**TASK BRIEF**
Would you print the lines below exactly, beginning at the line that has "Ottima composizione con" and stopping after the line that has "Porcelánová úchytka lososová, průměr"? Only those lines, and no pictures.

**AVAILABLE DATA**
[Start of section]
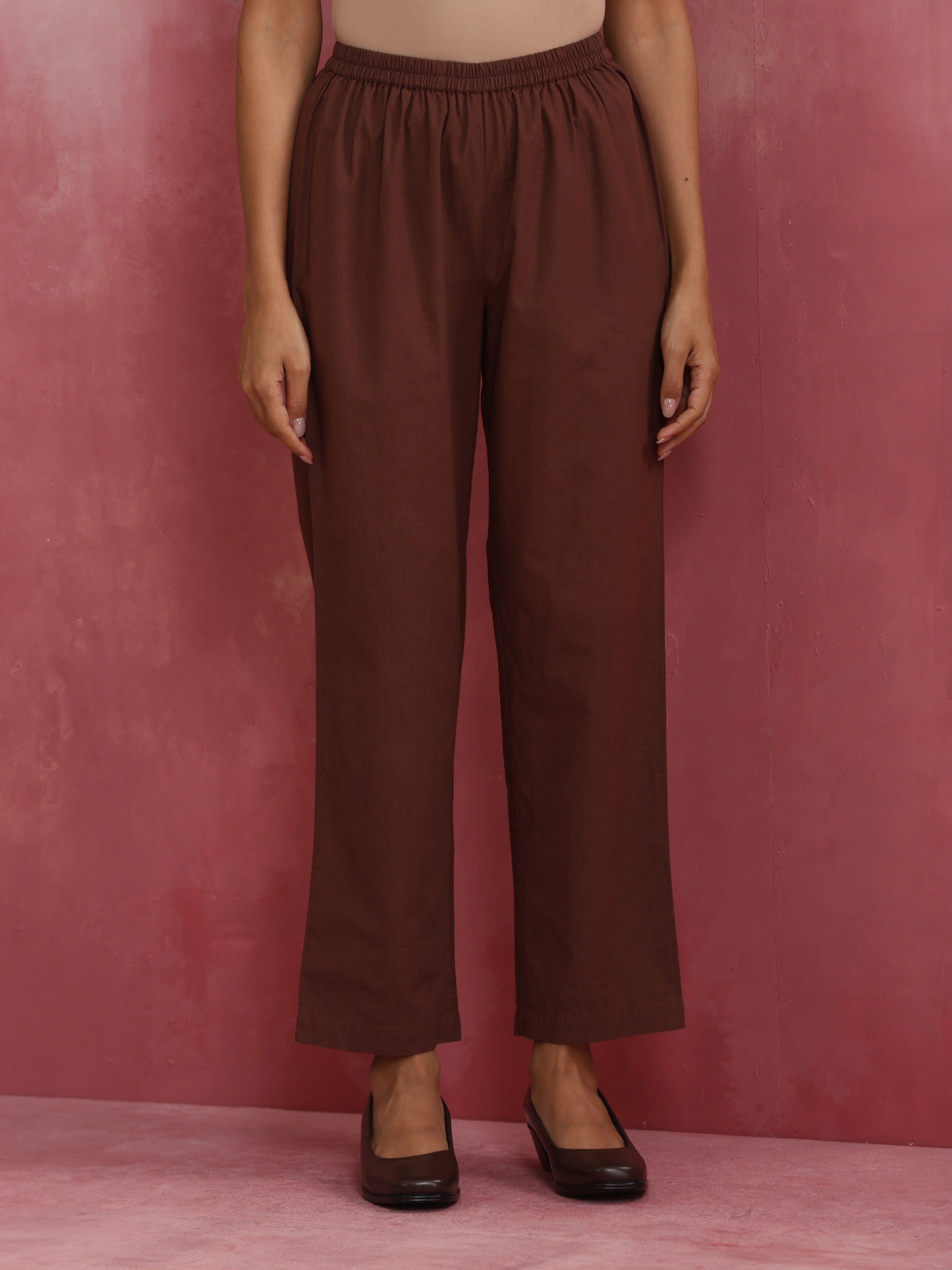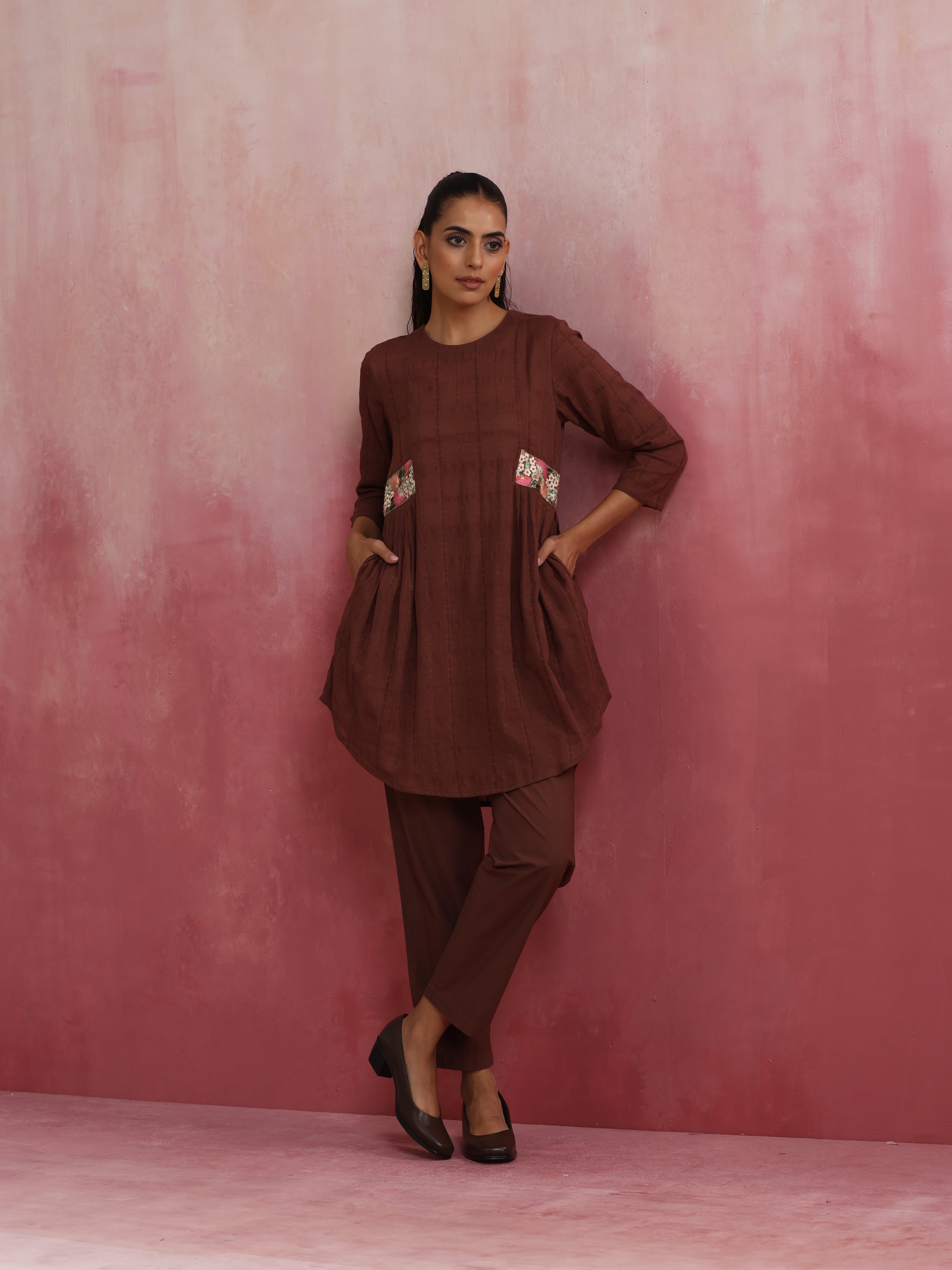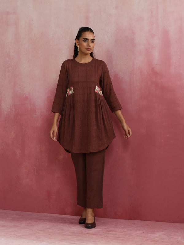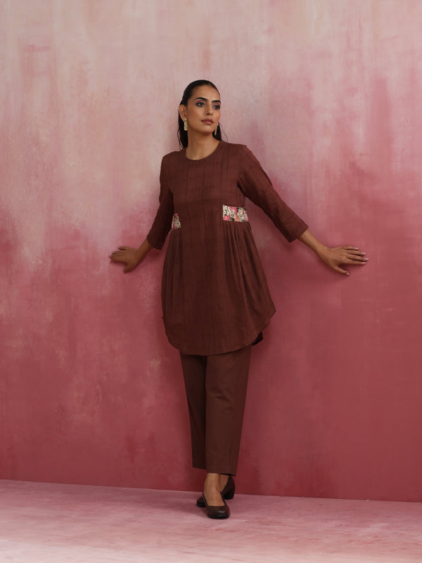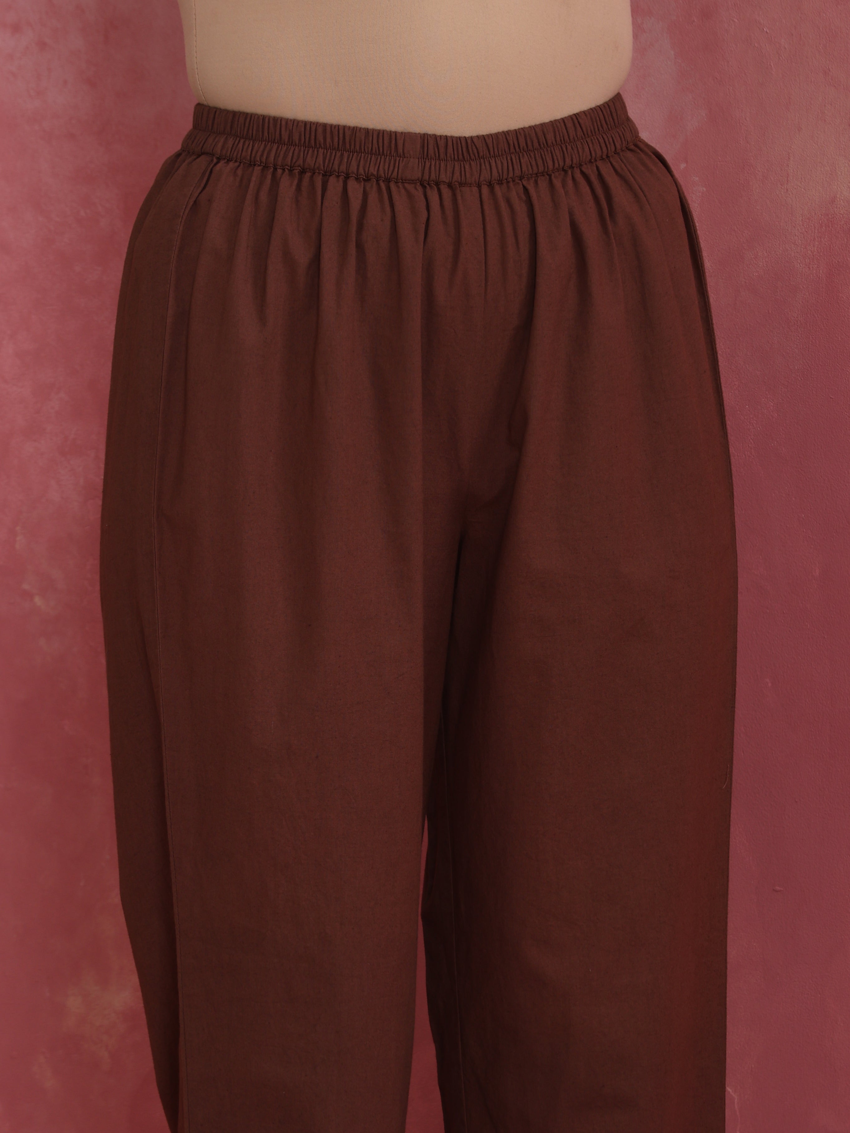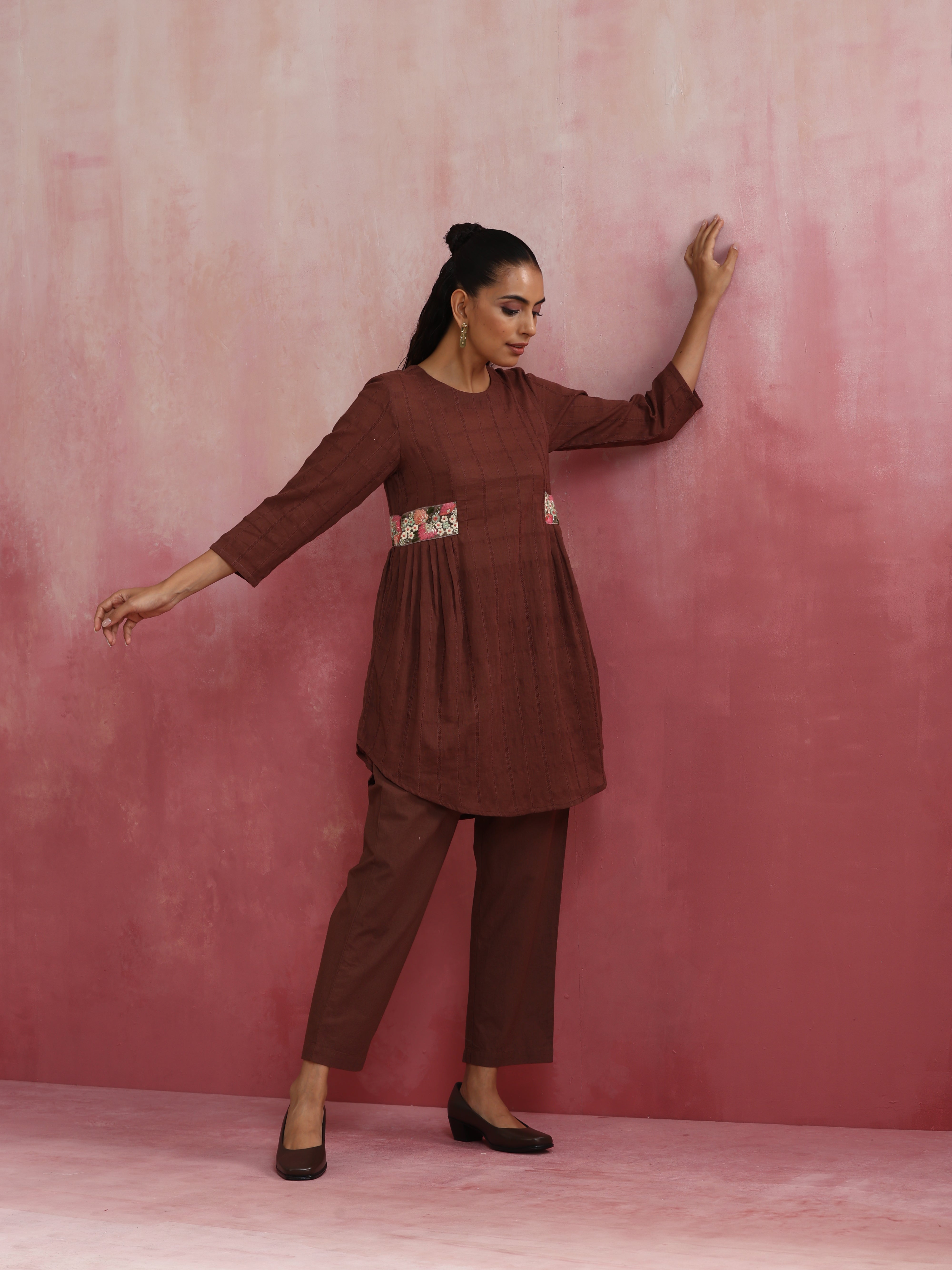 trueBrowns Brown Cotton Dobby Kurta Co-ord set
[End of section]
[Start of section]
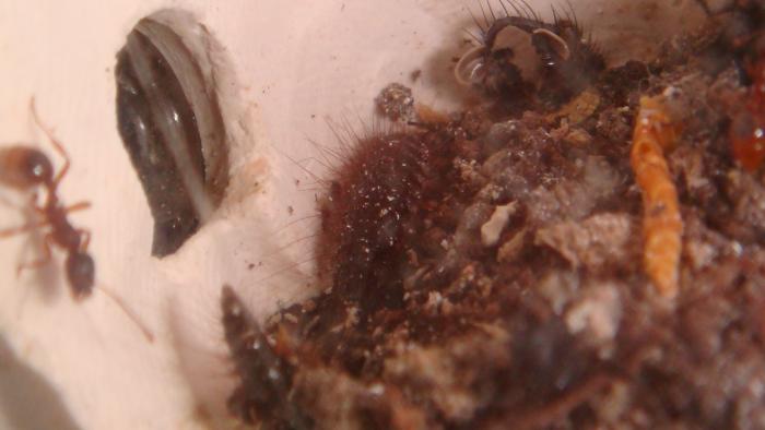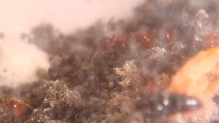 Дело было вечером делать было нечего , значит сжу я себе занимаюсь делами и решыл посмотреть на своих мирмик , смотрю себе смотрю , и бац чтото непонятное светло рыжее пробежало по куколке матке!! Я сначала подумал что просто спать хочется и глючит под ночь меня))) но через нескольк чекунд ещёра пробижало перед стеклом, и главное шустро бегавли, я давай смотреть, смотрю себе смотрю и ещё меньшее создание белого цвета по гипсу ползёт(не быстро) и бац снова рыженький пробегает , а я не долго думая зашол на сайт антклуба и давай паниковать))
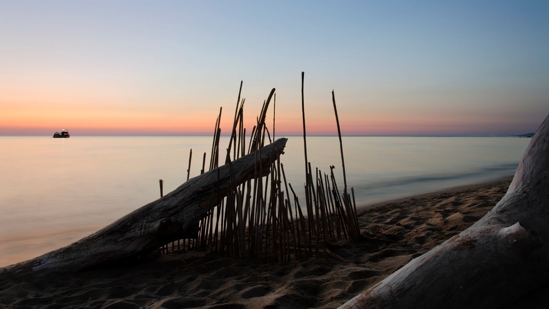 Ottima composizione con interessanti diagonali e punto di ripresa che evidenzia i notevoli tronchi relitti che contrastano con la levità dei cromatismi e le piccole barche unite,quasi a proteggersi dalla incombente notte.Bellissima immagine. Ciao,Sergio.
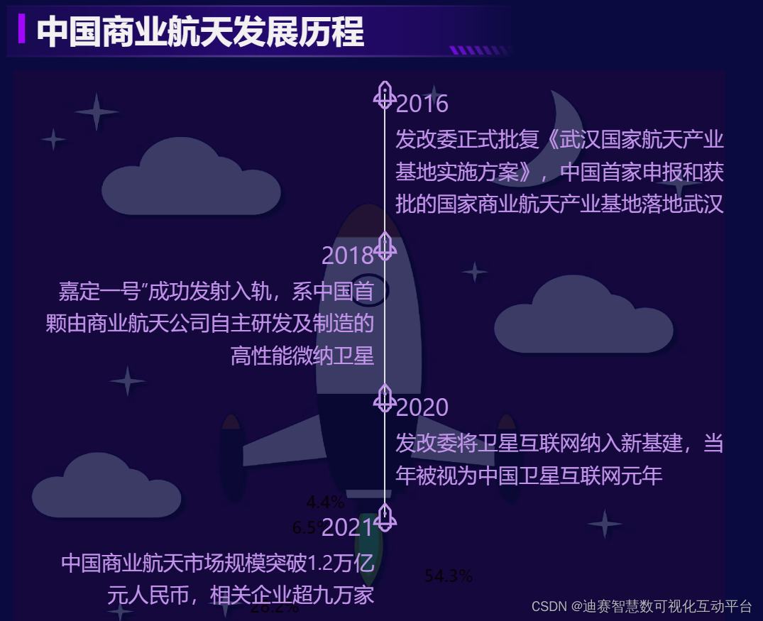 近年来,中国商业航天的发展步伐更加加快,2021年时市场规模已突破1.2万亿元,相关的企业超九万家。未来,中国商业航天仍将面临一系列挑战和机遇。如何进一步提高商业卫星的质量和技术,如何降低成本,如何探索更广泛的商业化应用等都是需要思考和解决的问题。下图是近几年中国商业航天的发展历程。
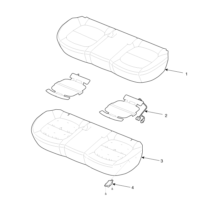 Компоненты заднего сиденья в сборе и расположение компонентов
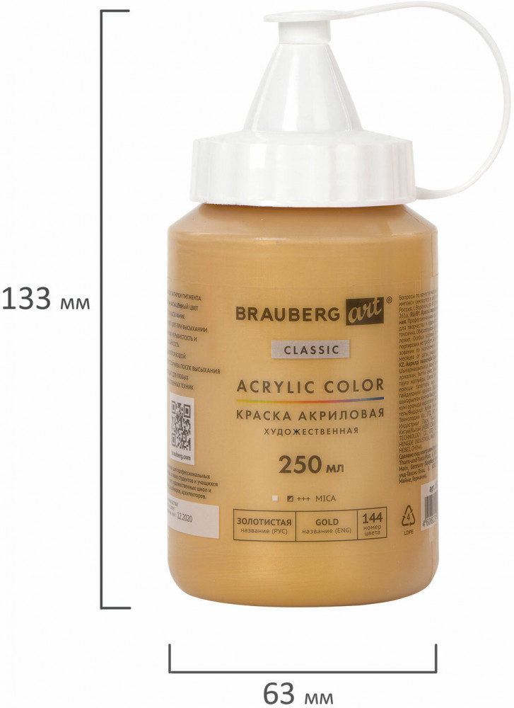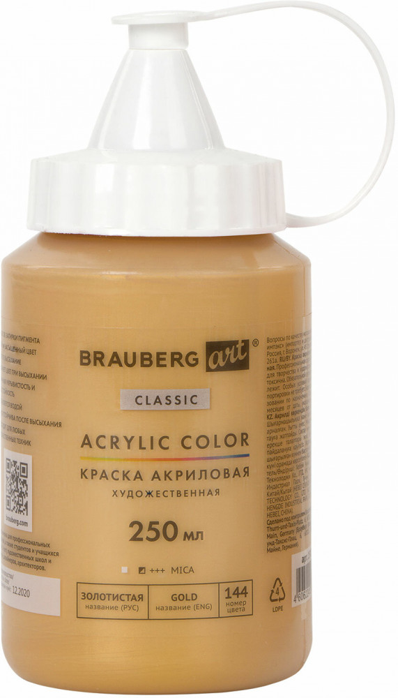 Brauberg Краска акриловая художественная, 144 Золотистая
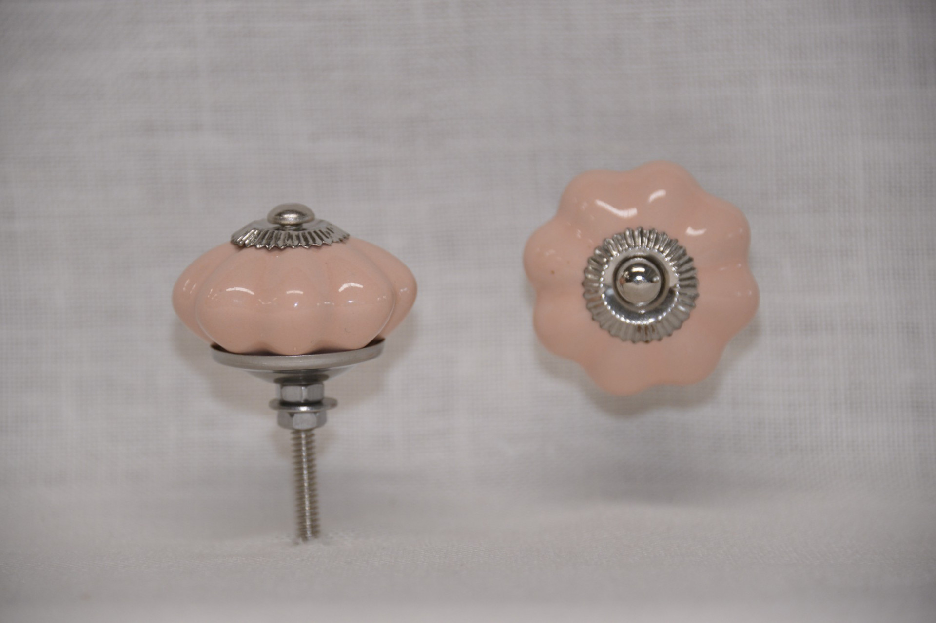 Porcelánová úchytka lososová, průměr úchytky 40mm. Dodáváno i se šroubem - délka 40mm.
[End of section]
**RESULT**
 Ottima composizione con interessanti diagonali e punto di ripresa che evidenzia i notevoli tronchi relitti che contrastano con la levità dei cromatismi e le piccole barche unite,quasi a proteggersi dalla incombente notte.Bellissima immagine. Ciao,Sergio.
 近年来,中国商业航天的发展步伐更加加快,2021年时市场规模已突破1.2万亿元,相关的企业超九万家。未来,中国商业航天仍将面临一系列挑战和机遇。如何进一步提高商业卫星的质量和技术,如何降低成本,如何探索更广泛的商业化应用等都是需要思考和解决的问题。下图是近几年中国商业航天的发展历程。
 Компоненты заднего сиденья в сборе и расположение компонентов
 Brauberg Краска акриловая художественная, 144 Золотистая
 Porcelánová úchytka lososová, průměr úchytky 40mm. Dodáváno i se šroubem - délka 40mm.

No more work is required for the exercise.